Assistive technology is an area of computing closely related to accessibility and usability. It provides developers with an insight into usability that can be directly related to more mainstream software.

The technology includes equipment designed to assist people do anything from speak (for example, by using a synthesised voice), access a computer, control a TV, turn on the lights or generally live a full and independent life.

Typical assistive technology devices include text-to-speech screen readers, alternative keyboards and mice, head pointing devices, voice recognition software, and screen magnification software.

The Open Source Assistive Technology Software (Oats) project is a one-year pilot scheme. It was set up last year to provide a "one-stop shop" for end-users, clinicians and open source developers to meet, exchange notes, promote new ideas, develop new software and download reliable open source assistive technology software.

Given the emerging importance of assistive technology within the open source field, the BCS Open Source Specialist Group is supporting Oats as it comes to the end of its year-long evaluation. If successful, Oatsaims to become a self-supporting, ongoing web-based service.

The project develops and provides information on open source assistive technology programs to enable users to find appropriate software.

It is hoped that the site will create a community of users who will find appropriate software, comment on it and feed back to the authors.

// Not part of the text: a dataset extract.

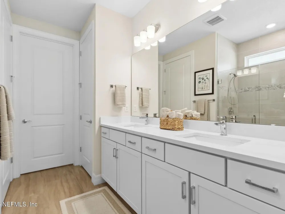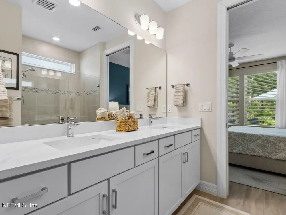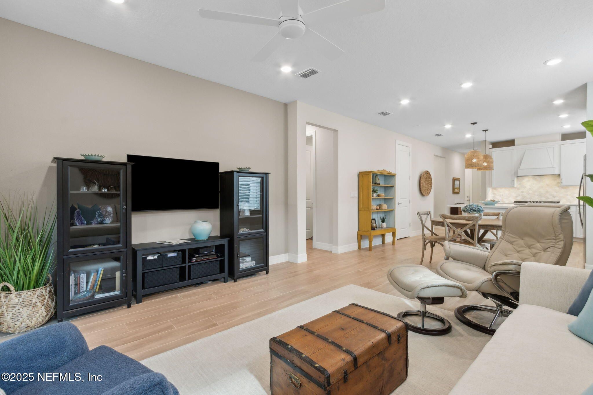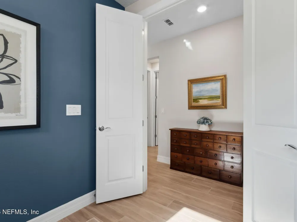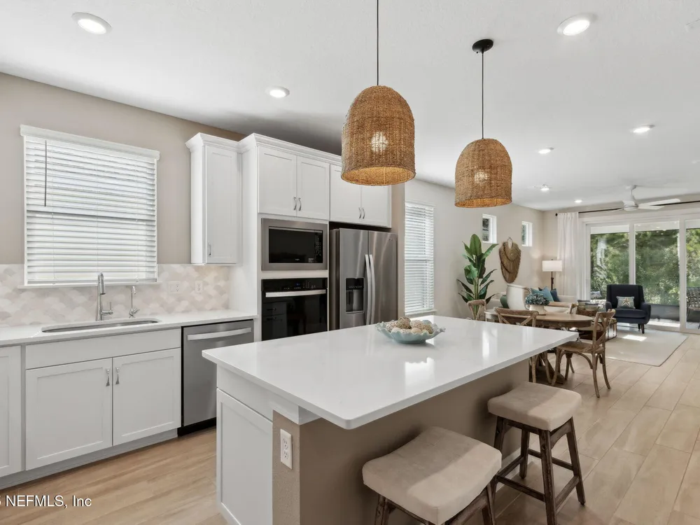 Newly built single-story home that has been beautifully enhanced with Premium Upgrades and sits on a private, wooded Preserve lot. Prepare to fall in love with Willight's newest & hottest 55+ community, Del Webb! Featuring 2 spacious bedrooms, 2 fully upgraded bathrooms, and a versatile bonus room that is ideal for a home office, this gem truly is your dream home! The open-floor design flows effortlessly into a light & bright kitchen complete with luxury finishes such as quartz countertops, stainless steel appliances, gas range, custom backsplash, extended center island w/ upgraded pendant lighting and an abundance of soft-close cabinets/drawers. The master suite offers that same great Preserve view, a custom-designed walk-in closet & a luxurious bath featuring quartz countertops, his/her vanities, & an extended walk-in shower. Gorgeous tile flooring runs throughout the home, adding to its low-maintenance quality & modern aesthetic. Whether you are relaxing in your screen lanai or barbecuing on the extended paver patio, you are certain to enjoy the privacy of your fenced backyard that overlooks that Preserve - nature at it's finest! Additional upgrades include a garage w? Shark epoxy flooring, water softener & filtration system, full irrigation system, and upgraded ceiling fans. This home blends style, comfort, and functionality in a prime location, with easy access to the clubhouse. Del Webb Wildlight is a highly sought-after community that offers a resort lifestyle to their residents with an abundance of social events & a list of amenities a mile long - glistening pool w/ spa, 16k sqft clubhouse, restaurant, tennis, pickleball, fire pit area, nature trails, garden and much more! Just minutes to great local restaurants, shopping, state parks and the beautiful beaches of Fernandina/Amelia Island!"

The nature of open source development allows easier customisation to users' needs - a likely requirement for people with unique needs as a result of a disability. The user is allowed a closer relationship with the developer and software can often be originated directly from specific users' needs. Open source is also a fertile ground for innovation, collaboration and standardisation.

As part of its support for the Oats project, the BCS Open Source Specialist Group will be holding a meeting dedicated to it in August.

The BCS Open Source Specialist Group exists to help demystify open source practice and its implications, to illuminate the pros and cons of open source and to act as a centre of expertise on open source within the BCS.